The light provided into the sensor 200A from the light source 550A
interacts with the FBGs 205F, 205G which are exposed to one or more
measurands. The presence of the one or more measurands causes a
certain change in the spectrum of the transmitted light portion.
The change can include a shift in a Bragg wavelength and/or an
increase or decrease in the peak or integrated intensity of the
transmitted light portion.
[0067] In the illustrated transmission (reject)-type sensing system
500A, the photodetector 560A (e.g., photodiodes) is disposed at an
output side (e.g., end of the optical fiber) of the CNT-bearing FBG
sensor 200A. The transmitted light portion is detected by the
photodetector 560A, which converts the detected transmitted light
portion into an electrical signal. The electrical signal output of
the photodetector 560A is received by a signal
conditioning/conversion module 514 via an input port 522. The
signal conditioning/conversion module 514 conditions (e.g., filters
and amplifies) the electrical signal and converts (e.g., digitizes)

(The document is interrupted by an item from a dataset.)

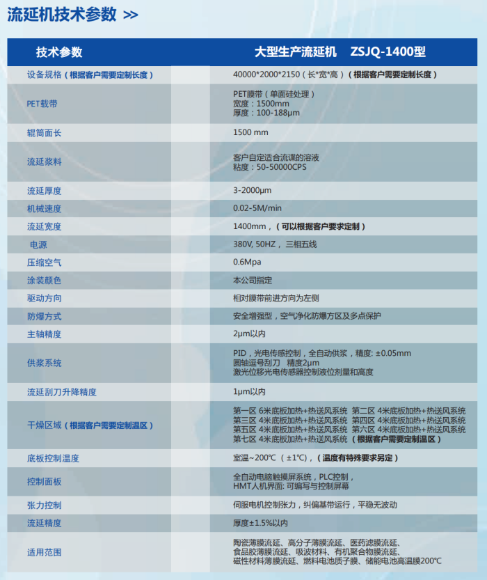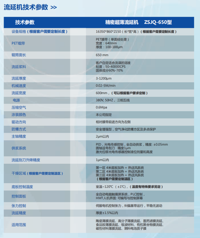 公司主要產品有流延機(涂布機),49/S電子晶體外殼,石油抽油泵柱塞及金屬表面處理。公司研發設計的流延機引進國外先進技術,其性能、要求、技術,外觀、環保、節能在國內屬領先水平,質量好,性價比高。對于流延機的研發制造始終以高標準、高技術、高門檻的研究創新精神去突破。嚴謹專注的態度去優化性能,客戶至上的態度去解決痛點,開拓創新的態度去攻克技術難關,追求卓越的態度去提升工藝精度。研發生產的流延機完全可以流延固態電池膜、液流電池膜、氫燃料電池膜、氧化鋁﹑氮化鋁﹑氧化鋯﹑鐵氧體﹑防彈衣膜、吸波波材料、橡膠薄膜、石墨烯、有機聚合物膜、金屬粉濾膜、封裝陶瓷類產品和各種過濾膜并銷往國內各企業,贏得了不錯的好評。
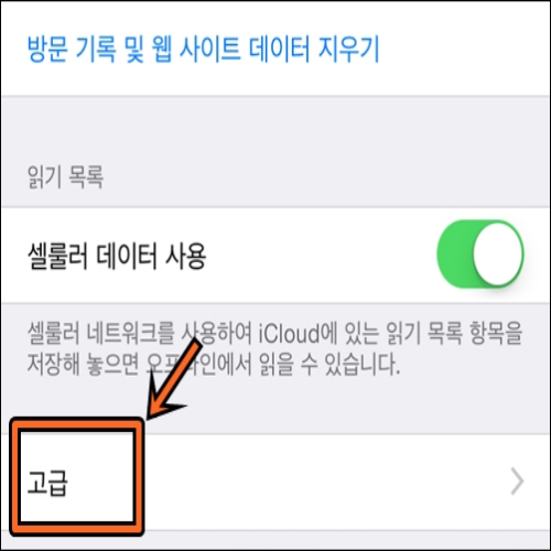 팝업 차단 해제 설정을 완료했지만 문제가 해결되지 않으면 Safari 설정 화면에서 맨 아래의 '고급'구절을 클릭합니다. 고급 화면으로 이동하면 웹 사이트 데이터 및 JavaScript, 웹 속성 등의 범주가 나타납니다. 이 범주는 "JavaScript"항목을 클릭하여 사용할 수 있습니다.

it into a digital representation. The digital representation is
then received and processed (e.g., analyzed) by the processor 702
to determine change(s) in the spectrum of the transmitted light
portion and identify one or more measurands that have caused the
change(s).
[0068] FIG. 5B is a schematic block diagram of an exemplary
reflection (accept)-type sensing system 500B that is configured to
monitor and detect a measurand based on a reflected portion of the
input light (hereinafter the "reflected light portion") according
to certain aspects of the present disclosure. The sensing system
500B includes a control/analysis unit 501B, a light source 550B
(e.g., a laser), a CNT-bearing FBG sensor 200B, and a photodetector
560B (e.g., photodiodes). The control/analysis unit 501B, the light
source 200B, and the sensor 200B of the exemplary sensing system
500B of FIG. 5B are substantially similar to those of the exemplary
sensing system 500A of FIG. 5A and are not separately described
here.
[0069] One difference between the transmission-type sensing system
500A of FIG. 5A and the reflection-type sensing system 500B of FIG.

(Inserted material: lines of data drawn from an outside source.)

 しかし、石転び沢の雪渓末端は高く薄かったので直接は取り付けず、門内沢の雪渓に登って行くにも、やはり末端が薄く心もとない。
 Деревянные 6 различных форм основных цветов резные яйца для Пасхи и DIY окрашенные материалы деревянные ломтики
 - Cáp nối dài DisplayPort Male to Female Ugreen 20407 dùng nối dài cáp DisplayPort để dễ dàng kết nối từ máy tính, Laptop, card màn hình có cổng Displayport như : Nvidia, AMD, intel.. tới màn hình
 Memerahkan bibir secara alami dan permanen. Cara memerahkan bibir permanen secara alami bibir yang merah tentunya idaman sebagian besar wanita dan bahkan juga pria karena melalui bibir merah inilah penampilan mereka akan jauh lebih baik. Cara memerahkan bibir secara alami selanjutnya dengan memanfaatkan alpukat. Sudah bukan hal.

5B relates to whether the transmitted light portion or the
reflected light portions is received and analyzed. While the
photodetector 560A is disposed at the output side of the sensor
200A to receive the transmitted light portion in the
transmission-type sensing system 500A, the photodetector 560B is
disposed at an input side of the sensor 200B to receive the
reflected light portion in the reflection-type sensing system 500B.

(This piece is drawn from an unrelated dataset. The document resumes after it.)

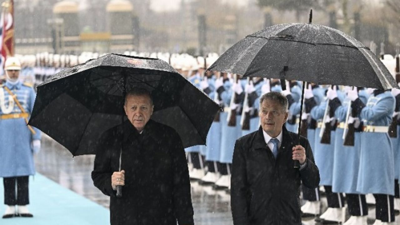 Finlandiya Cumhurbaşkanı Sauli Niinistö, Ankara'da Cumhurbaşkanı Erdoğan ile bir araya geldi. Niinistö, Cumhurbaşkanlığı Külliyesi'nde yağmur altında karşılandı.ANKARA (İGFA) - Cumhurbaşkanı Recep Tayyip Erdoğan, Türkiye'ye resmî ziyarette bulunan Finlandiya Cumhurbaşkanı Sauli Niinistö'yü Cumhurbaşkanlığı Külliyesi'nde törenle karşıladı.
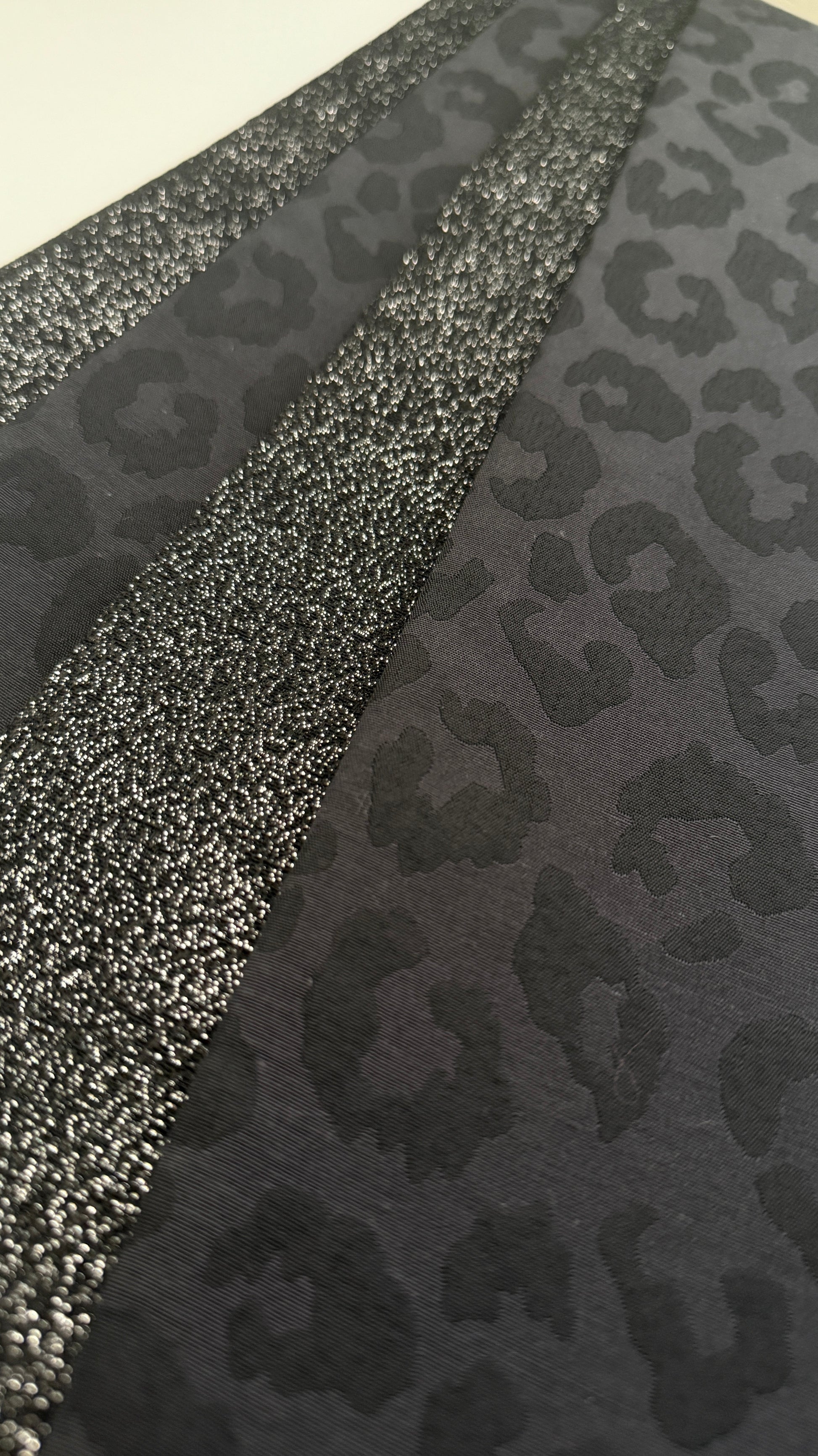 片面は、シックな黒地に浮かび上がる同色のヒョウ柄。

In the illustrated example of FIG. 5B, the reflected light portion
is received by the photodetector 560B via a directional coupler
570. The photodetector 560B converts the detected reflected light
portion into an electrical signal. The electrical signal output by
the photodetector 560B is received by a signal
conditioning/conversion module 514 via an input port 522'. The
signal conditioning/conversion module 514 conditions (e.g., filters
and amplifies) the electrical signal and converts (e.g., digitizes)
the conditioned signal into a digital representation. The digital
representation is then received and processed (e.g., analyzed) by
the processor 702 to determine change(s) in the spectrum of the
reflected light portion and identify one or more measurands that
have caused the change(s).
[0070] It shall be appreciated that the illustrated embodiments of
FIGS. 5A and 5B are exemplary only, and a multitude of changes
including modifications, additions, deletions can be made to the
embodiments without departing from the scope of the present
disclosure. For example, a hybrid sensing system in which both the
transmitted light portion and the reflected light portions are
received and analyzed may be employed. A hybrid sensing system can
include a first photodetector disposed at the output side of a
sensor to receive the transmitted light portion, and a second
photodetector disposed at an input side of the sensor to receive
the reflected light portion via a directional coupler. An
electrical signal output by the first photodetector can be received
by a signal conditioning/conversion module (e.g., 514) via a first
input port (e.g., 522), and an electrical signal output by the
second photodetector can be received by the signal
conditioning/conversion module (e.g., 514) via a second input port
(e.g., 522').
[0071] In certain embodiments, a CNT-bearing FBG sensor (e.g.,
200A, 200B) is calibrated at least once before the sensor is used
for monitoring and detecting anticipated measurands. In some
embodiments, the sensor is calibrated periodically. The calibration
procedure involves passing light through the sensor without
exposing the CNT-infused FBGs (e.g., 205F, 205G, 205H, 205I) to
anticipated measurands, and receiving and analyzing one of
reflected and transmitted light portions to establish an original
finger print, which can include one or more reference Bragg
wavelengths and/or a peak or integrated light intensity.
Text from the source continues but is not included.